The species is a native of the temperate and subarctic zones of the Old World, and is represented in America by a form which can scarcely be regarded as specifically distinct. It inhabits thickets and stony places, and frequently makes use of the deserted burrows of moles and other underground mammals. Exceedingly sanguinary in disposition, and agile in its movements, it feeds principally on rats, water-rats and rabbits, which it pursues with pertinacity and boldness, hence the name stoat, signifying bold, by which it is commonly known. It takes readily to water, and will even climb trees in pursuit of prey. It is particularly destructive to poultry and game, and has often been known to attack hares, fixing itself to the throat of its victim, and defying all the efforts of the latter to disengage it. The female brings forth five young ones about the beginning of summer. The winter coat of the ermine forms one of the most valuable of commercial furs, and is imported in enormous quantities from Norway, Sweden, Russia and Siberia.

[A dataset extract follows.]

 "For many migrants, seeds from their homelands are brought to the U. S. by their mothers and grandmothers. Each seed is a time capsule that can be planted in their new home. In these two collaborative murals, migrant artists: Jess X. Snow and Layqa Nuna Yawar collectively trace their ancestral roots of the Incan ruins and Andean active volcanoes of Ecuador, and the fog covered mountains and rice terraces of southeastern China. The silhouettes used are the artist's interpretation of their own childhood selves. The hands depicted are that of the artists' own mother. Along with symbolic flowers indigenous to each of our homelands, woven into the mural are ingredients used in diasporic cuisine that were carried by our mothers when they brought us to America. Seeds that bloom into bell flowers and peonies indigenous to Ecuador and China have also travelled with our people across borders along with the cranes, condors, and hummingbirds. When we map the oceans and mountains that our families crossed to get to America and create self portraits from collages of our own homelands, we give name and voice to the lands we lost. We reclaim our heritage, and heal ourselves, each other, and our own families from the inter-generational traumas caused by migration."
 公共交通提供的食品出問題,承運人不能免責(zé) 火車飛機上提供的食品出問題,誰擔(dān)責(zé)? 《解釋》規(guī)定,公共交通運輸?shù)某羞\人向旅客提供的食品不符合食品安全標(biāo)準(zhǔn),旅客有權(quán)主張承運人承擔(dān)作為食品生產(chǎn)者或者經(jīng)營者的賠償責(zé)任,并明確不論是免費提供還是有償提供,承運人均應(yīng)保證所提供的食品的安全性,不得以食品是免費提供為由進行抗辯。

It is largely used for muffs and tippets, and as a trimming for state robes, the jet black points of the tails being inserted at regular intervals as an ornament. In the reign of Edward III. the wearing of ermine was restricted to members of the royal family; but it now enters into almost all state robes, the rank and position of the wearer being in many cases indicated by the presence or absence, and the disposition, of the black spots. (See also [Fur].)


ERMINE STREET. Documents and writers of the 11th and succeeding centuries occasionally mention four “royal roads” in Britain—Icknield Street, Erning or Ermine Street, Watling Street and Foss Way—as standing apart from all other existing roads and enjoying the special protection of the king. Unfortunately these authorities are not at all agreed as to their precise course; the roads themselves do not occur as specially privileged in actual legal or other practice, and it is likely that the category of Four Roads is the invention of a lawyer or an antiquary. The names are, however, attested to some extent by early charters which name them among other roads, as boundaries. From these charters we know that Icknield Street ran along the Berkshire downs and the Chilterns, that Ermine Street ran more or less due north through Huntingdonshire, that Watling Street ran north-west across the midlands from London to Shrewsbury, and Foss diagonally to it from Lincoln or Leicester to Bath and mid-Somerset. This evidence only proves the existence of these roads in Saxon and Norman days. But they all seem to be much older. Icknield Street is probably a prehistoric ridgeway along the downs, utilized perhaps by the Romans near its eastern end, but in general not Roman. Ermine Street coincides with part of a line of Roman roads leading north from London through Huntingdon to Lincoln. This line is followed by the Old North Road through Cheshunt, Buntingford, Royston, and Huntingdon to Castor near Peterborough; and thence it can be traced through lanes and byways past Ancaster to Lincoln. Watling Street is the Roman highway from London by St Alban’s (Verulamium) to Wroxeter near Shrewsbury (Viroconium). Foss is the Roman highway from Lincoln to Bath and Exeter. Hence it has been supposed, and is still frequently alleged, that the Four Roads were the principal highways of Roman Britain. This, however, is not the case. Icknield Street is not Roman and the three roads which follow Roman lines, Ermine Street, Watling Street, and Foss, held no peculiar position in the Romano-British road system (see [Britain]: Roman). In later times, the names Ermine Street, Icknield Street and Watling Street have been applied to other roads of Roman or supposed Roman origin. This, however, is wholly the work of Elizabethan or subsequent antiquaries and deserves no credence.

The derivations of the four names are unknown. Icknield, Ermine and Watling may be from English personal names; Foss, originally Fos, seems to be the Lat. fossa in its occasional medieval sense of a bank of upcast earth or stones, such as the agger of a road.